Southern Football League Premier Division
- Season: 1997–98
- Champions: Forest Green Rovers
- Promoted: Forest Green Rovers
- Relegated: Ashford Town (Kent) Sittingbourne St.Leonards Stamcroft
- Matches: 462
- Goals: 1,372 (2.97 per match)

= 1997–98 Southern Football League =

The 1997–98 Southern Football League season was the 95th in the history of the league, an English football competition.

Forest Green Rovers won the Premier Division at the first attempt and earned promotion to the Football Conference for the first time in their history. Sittingbourne, Ashford Town (Kent) and St.
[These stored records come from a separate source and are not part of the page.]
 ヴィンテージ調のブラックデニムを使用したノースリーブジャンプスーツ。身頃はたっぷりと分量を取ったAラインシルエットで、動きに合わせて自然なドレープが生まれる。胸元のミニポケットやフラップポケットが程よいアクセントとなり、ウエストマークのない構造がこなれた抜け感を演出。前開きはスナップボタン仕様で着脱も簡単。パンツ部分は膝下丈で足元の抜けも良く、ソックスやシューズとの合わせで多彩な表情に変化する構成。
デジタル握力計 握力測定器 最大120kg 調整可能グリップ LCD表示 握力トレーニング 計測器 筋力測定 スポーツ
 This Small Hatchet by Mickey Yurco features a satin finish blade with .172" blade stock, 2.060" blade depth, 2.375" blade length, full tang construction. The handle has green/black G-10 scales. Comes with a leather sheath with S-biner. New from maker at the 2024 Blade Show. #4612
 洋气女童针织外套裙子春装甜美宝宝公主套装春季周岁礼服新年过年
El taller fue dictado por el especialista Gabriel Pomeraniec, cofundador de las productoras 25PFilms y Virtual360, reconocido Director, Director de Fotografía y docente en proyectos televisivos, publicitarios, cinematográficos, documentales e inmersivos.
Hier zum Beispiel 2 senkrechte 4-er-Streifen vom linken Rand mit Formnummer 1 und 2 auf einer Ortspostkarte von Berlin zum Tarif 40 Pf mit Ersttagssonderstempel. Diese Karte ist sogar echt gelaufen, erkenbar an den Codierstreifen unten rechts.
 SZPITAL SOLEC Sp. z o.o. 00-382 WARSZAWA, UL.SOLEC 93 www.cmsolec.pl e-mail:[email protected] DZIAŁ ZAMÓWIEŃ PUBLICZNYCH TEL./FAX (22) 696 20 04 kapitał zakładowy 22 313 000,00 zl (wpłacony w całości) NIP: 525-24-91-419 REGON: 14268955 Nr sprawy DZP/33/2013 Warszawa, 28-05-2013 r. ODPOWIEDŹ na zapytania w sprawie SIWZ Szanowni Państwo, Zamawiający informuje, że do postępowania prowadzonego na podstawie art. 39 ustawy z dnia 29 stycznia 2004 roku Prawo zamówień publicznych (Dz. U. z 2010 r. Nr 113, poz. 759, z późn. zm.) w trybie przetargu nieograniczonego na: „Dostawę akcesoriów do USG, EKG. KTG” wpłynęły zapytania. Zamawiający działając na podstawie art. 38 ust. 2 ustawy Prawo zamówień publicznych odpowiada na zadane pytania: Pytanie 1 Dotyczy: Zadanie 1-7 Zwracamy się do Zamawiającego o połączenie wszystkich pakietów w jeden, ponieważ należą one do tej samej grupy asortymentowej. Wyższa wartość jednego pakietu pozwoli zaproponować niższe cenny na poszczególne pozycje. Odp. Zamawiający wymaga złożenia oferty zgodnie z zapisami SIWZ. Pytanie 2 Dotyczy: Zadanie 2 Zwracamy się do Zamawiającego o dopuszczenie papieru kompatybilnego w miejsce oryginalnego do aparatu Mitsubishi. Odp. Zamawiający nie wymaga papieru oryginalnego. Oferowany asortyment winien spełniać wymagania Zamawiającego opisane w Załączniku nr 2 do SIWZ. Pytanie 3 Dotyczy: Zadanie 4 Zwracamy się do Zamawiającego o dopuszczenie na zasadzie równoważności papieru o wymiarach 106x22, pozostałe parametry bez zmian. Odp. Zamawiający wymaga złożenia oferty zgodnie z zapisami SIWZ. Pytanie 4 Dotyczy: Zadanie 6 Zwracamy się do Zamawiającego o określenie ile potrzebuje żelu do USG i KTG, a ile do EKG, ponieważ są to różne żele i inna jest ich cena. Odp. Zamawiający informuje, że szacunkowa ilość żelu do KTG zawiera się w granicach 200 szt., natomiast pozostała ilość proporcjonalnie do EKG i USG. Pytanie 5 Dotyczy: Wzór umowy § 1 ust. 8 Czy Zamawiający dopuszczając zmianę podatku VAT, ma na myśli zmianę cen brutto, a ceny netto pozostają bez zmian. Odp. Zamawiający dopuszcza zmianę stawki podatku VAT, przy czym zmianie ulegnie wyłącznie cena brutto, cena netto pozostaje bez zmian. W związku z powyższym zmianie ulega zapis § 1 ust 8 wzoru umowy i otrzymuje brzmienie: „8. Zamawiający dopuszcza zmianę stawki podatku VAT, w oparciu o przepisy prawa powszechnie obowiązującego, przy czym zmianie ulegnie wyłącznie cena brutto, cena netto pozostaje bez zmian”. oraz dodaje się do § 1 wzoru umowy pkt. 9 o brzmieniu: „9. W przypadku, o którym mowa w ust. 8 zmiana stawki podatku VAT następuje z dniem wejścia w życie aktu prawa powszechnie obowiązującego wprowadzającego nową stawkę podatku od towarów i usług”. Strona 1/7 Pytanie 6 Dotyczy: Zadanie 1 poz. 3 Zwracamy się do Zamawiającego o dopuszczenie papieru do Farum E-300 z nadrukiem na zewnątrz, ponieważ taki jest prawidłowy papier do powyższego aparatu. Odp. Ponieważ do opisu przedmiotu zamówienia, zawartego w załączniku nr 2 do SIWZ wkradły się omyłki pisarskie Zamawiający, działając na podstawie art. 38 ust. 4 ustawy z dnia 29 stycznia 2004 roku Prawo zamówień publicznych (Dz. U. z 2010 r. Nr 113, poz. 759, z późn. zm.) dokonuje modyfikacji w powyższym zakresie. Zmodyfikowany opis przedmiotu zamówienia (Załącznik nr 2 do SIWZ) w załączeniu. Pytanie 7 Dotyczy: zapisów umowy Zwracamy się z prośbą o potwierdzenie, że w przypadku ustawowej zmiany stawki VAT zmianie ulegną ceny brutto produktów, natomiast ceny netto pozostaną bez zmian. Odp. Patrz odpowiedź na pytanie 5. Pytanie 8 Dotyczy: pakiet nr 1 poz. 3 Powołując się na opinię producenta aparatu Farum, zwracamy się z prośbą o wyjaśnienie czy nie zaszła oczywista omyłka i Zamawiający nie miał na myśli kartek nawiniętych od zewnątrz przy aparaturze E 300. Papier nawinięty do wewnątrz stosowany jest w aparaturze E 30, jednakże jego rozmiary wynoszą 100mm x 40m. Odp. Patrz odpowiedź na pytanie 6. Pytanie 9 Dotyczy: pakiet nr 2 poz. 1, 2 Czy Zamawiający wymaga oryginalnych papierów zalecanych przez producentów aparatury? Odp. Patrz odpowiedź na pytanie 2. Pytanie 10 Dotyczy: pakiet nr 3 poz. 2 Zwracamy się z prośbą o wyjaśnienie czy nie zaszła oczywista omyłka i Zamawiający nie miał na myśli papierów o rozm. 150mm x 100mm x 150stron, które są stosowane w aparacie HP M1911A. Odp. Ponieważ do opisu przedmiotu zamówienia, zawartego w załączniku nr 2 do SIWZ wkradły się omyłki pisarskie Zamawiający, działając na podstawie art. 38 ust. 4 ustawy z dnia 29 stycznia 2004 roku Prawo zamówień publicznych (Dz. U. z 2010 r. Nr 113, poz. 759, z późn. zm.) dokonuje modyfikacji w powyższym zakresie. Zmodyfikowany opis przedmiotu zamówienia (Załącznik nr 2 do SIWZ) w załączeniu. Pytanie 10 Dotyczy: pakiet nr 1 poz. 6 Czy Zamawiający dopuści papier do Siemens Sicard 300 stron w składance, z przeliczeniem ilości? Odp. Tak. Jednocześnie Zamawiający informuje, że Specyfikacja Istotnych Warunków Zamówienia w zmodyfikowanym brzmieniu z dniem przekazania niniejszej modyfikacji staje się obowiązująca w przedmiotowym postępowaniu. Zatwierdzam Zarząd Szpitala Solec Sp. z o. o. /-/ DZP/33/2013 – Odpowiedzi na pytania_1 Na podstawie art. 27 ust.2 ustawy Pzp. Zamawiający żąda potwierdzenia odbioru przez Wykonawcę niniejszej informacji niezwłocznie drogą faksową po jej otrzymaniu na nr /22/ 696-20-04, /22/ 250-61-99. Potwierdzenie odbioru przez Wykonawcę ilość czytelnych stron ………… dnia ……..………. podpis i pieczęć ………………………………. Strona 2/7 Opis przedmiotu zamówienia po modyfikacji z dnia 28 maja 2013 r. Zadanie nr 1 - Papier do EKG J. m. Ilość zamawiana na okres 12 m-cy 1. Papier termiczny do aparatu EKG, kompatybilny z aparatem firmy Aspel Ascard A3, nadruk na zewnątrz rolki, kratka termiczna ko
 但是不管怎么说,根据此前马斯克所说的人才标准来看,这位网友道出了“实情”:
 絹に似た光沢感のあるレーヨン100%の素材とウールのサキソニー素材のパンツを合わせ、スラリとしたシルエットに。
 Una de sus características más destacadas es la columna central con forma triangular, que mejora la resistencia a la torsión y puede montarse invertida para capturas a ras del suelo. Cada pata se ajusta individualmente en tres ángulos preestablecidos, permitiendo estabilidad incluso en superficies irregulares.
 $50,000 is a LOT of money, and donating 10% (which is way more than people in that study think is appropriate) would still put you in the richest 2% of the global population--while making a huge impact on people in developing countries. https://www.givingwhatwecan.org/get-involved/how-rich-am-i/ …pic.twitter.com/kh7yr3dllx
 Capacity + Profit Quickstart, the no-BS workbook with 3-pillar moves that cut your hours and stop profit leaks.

Leonards Stamcroft were relegated to the Midland and Southern Divisions, whilst Bromsgrove Rovers were reprieved after the Southern Division runners-up Chelmsford City were denied in promotion due to ground grading. Ilkeston Town, Grantham Town and Weymouth were promoted to the Premier Division, the former two as champions.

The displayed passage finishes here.